I took the time to explain to my colleague that the data was most likely retrievable; just because there was a problem accessing the top-level "photos1" directory didn't necessarily mean there would be issues with the directories and files contained within. I mentioned that I myself had faced a similar problem a couple of years back and that I ended up using a professional data recovery firm, Data Recovery Direct. Time had not been on my side in that case; I ending up paying a premium for the company to expedite the recovery process, but it was totally worth it; by the next day I had access to the files I needed off the drive. Incidentally, I think Data Recovery Direct are one of the only companies that I would recommend to others requiring such services, while simultaneously hoping I never have to use them myself again!

Once I had explained the potential cost of recovery to my colleague, he enquired as to whether there was anything I would be able to do instead. I informed him that I could attempt to recover as much data from the disk as possible, but there was a chance I could render the drive completely useless!

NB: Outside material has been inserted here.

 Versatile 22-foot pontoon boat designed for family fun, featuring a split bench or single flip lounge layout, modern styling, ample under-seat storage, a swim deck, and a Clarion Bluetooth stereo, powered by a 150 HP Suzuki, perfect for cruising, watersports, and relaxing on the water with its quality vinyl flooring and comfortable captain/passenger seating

He accepted the risks and with his consent, I proceeded.

I opted to use an open source recovery tool: ddrescue. This tool attempts to make an image of the disk, partition or file in question by making multiple passes over the source data. It achieves this by writing out a log file so that you are able to perform further passes and/or continue if process is interrupted. Once I had the damaged drive connected to a machine (without mounting the file system) I followed this process:

  1. Performed an initial scan across the surface of the disk, ignoring bad, unreadable sectors:
    ddrescue -f -n /dev/sdd1 /mnt/external_storage/tmp/hdd.img /mnt/external_storage/tmp/hdd.log

    This took a long time to complete (a day or two) and resulted in a file the size of the partition.

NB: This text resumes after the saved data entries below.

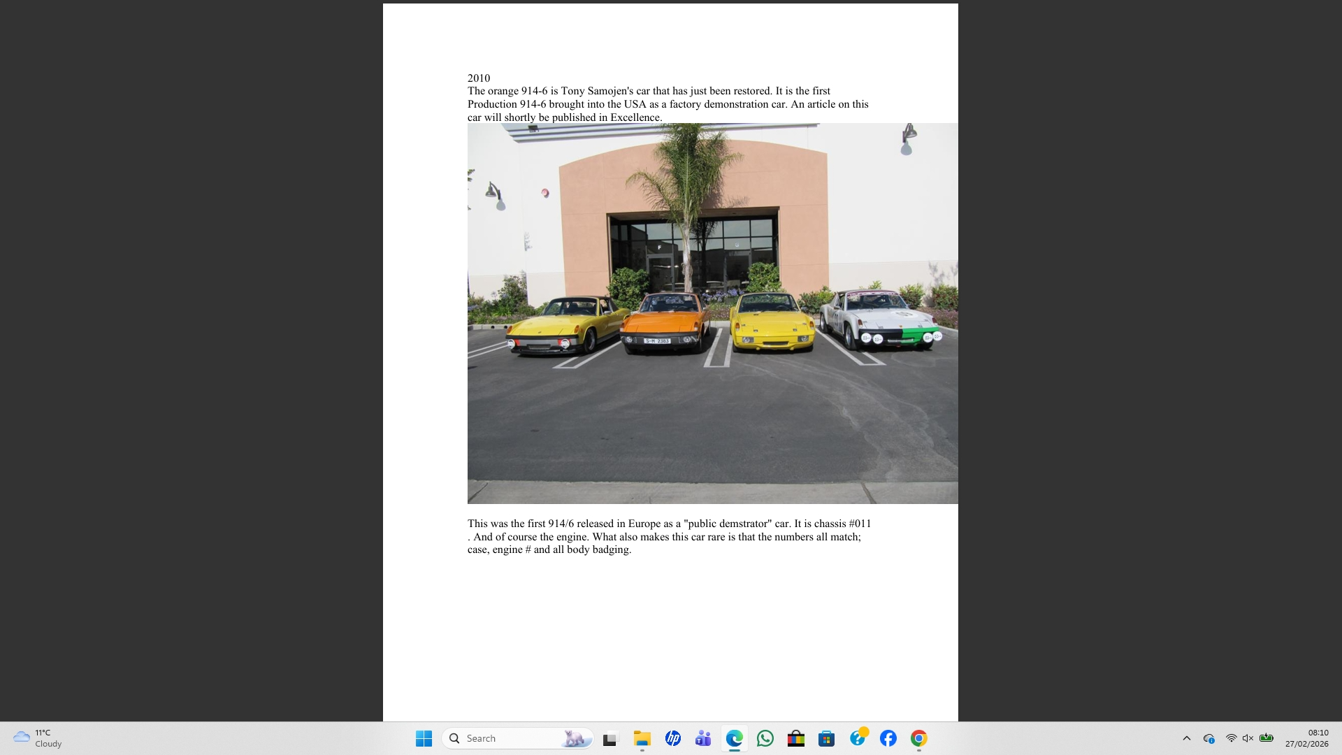 It was the first 914/6 GT prototype that was unveiled at the Porsche press release at Hockenheim Dec 69 for the 1970 Racing season. Car now resides in the USA and has been fully restored. Dave |
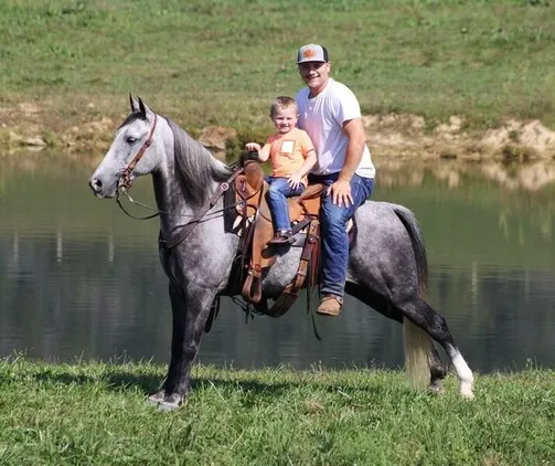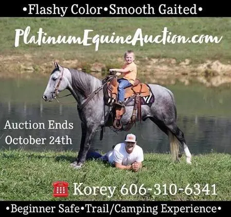 Frost Bite is a once in a lifetime horse! It’s not very often you get the chance to have a horse that’s as smart, pretty, talented, and gentle as he is! Frost Bite is a Gelding standing 14.3 hands tall, 7 years old and built like a little tank. Frost is an exceptional trail mount with all the confidence to do anything the rider asks. Frost will cross creeks and downed trees, he will climb the steepest hill or the deepest creeks you can put in front of him. Frost Bite has a wonderful 4 beat gait that is consistent from a flat foot walk all the way to a 15 MPH gait and stays smooth as glass! Frost bite is traffic safe around anything from and ATV to a semi tractor trailer. Frost Bite has been used in the local train robbery reenactment and has had guns shot off of him and never batted an eye. Frost will side pass over with easy to a mounting block to mount and dismount, he will also park out on command to mount if a block is not available. Frost Bite is a horse you only see one of in a life time! For more information please contact Korey at 6063106341. Located in Whitley City, KY.
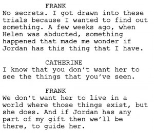 Frank’s facility is first introduced as being both a gift and a curse; it enables him to see into the minds of killers, but it also poses a risk to his own sanity. Prior to the start of the series, he has retired from the F.B.I. having suffered a breakdown. In “Sacrament“, a preceding episode, Frank’s daughter Jordan (Brittany Tiplady) first shows signs that she may have a similar facility to that of her father in the wake of her aunt’s abduction. It transpires that, fearful for what her future may hold in store, Frank had explored the nature of the trials to seek a potential cure for his “gift”.

  2. Began a scan that concentrated on the bad sectors, forcing 3 attempts at reading the data:
    ddrescue -d -f -r3 /dev/sdd1 /mnt/external_storage/tmp/hdd.img /mnt/external_storage/hdd.log

    Because of the existing log file, ddrescue is able to ignore sectors that it has already retrieved data from and target the damaged areas of the partition. Despite this, however, this command ended up running for several weeks. Towards the end, the "rescued data" count was only increasing by a byte or two a day(!); this was when we decided to kill the process and continue with the next steps in the recovery.

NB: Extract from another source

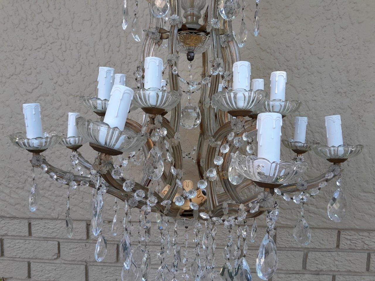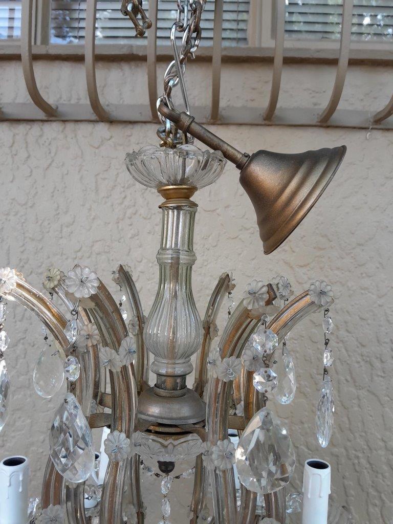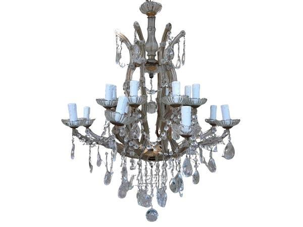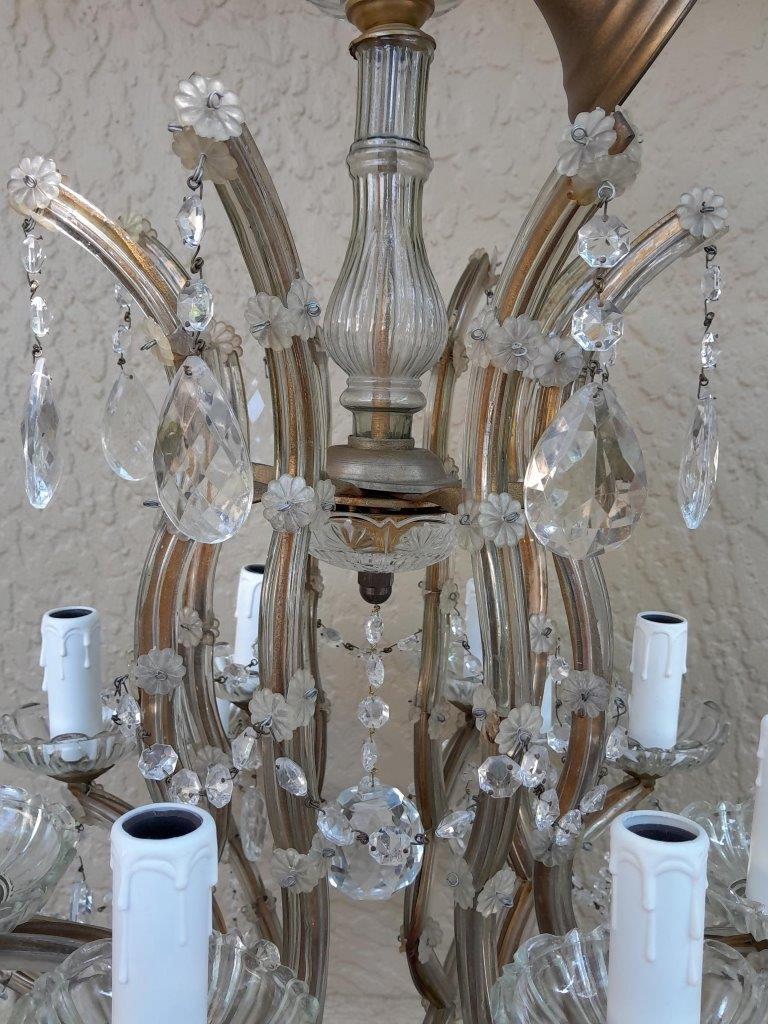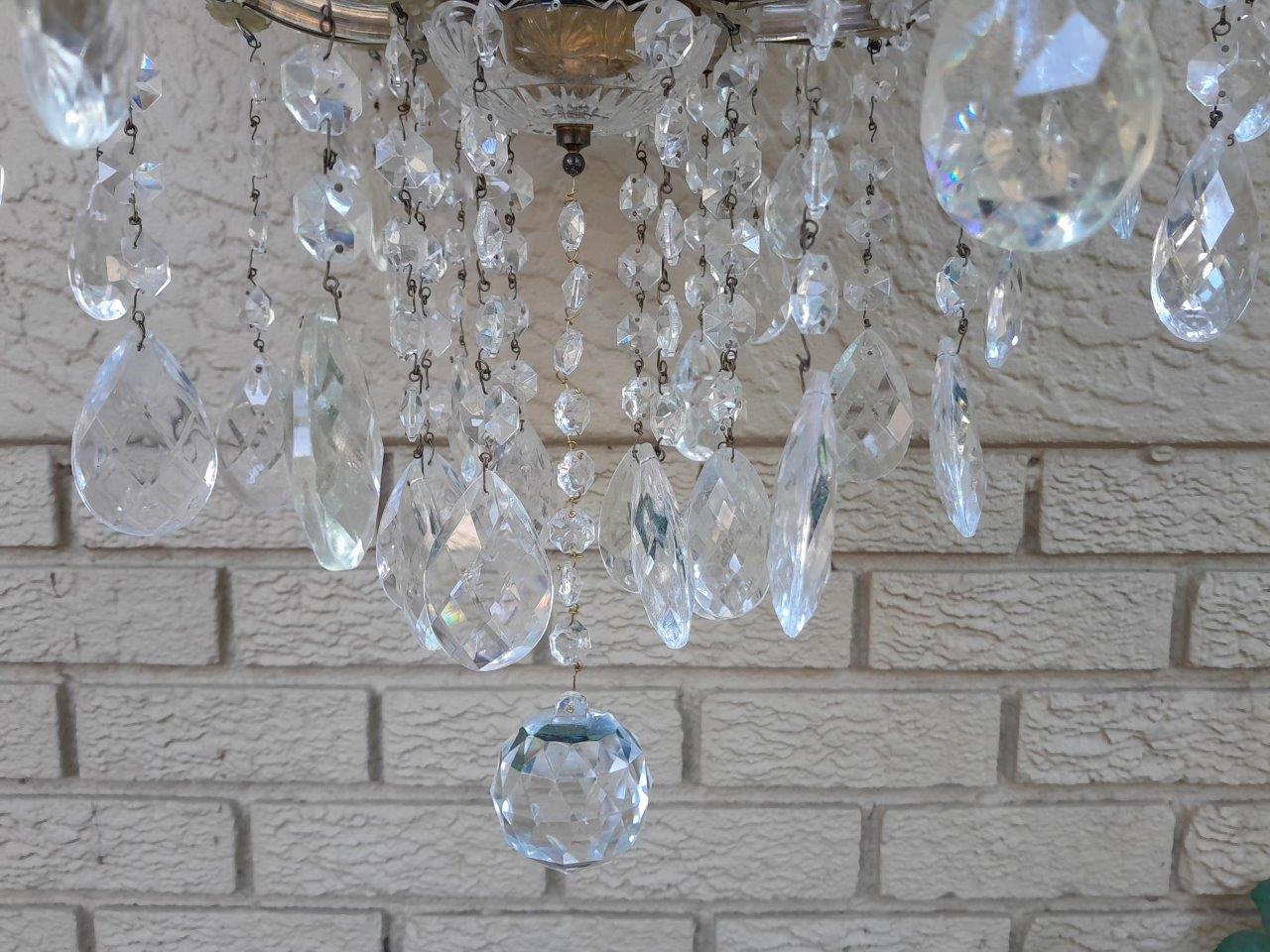 An Antique Early 20th Century Circa 1920 French Crystal And Gilt Metal Chandelier

  3. Created a new NTFS partition on another (larger capacity) HDD and wrote the recovered image out to it:
    dd if=/mnt/external_storage/tmp/hdd.img of=/dev/sde1

  4. Attached the drive to a machine running Windows and fixed any outstanding file system errors:
    chkdsk /F G:

After completing the above steps, I was able to navigate into the previously inaccessible "photos1" directory, much to the joy of my colleague!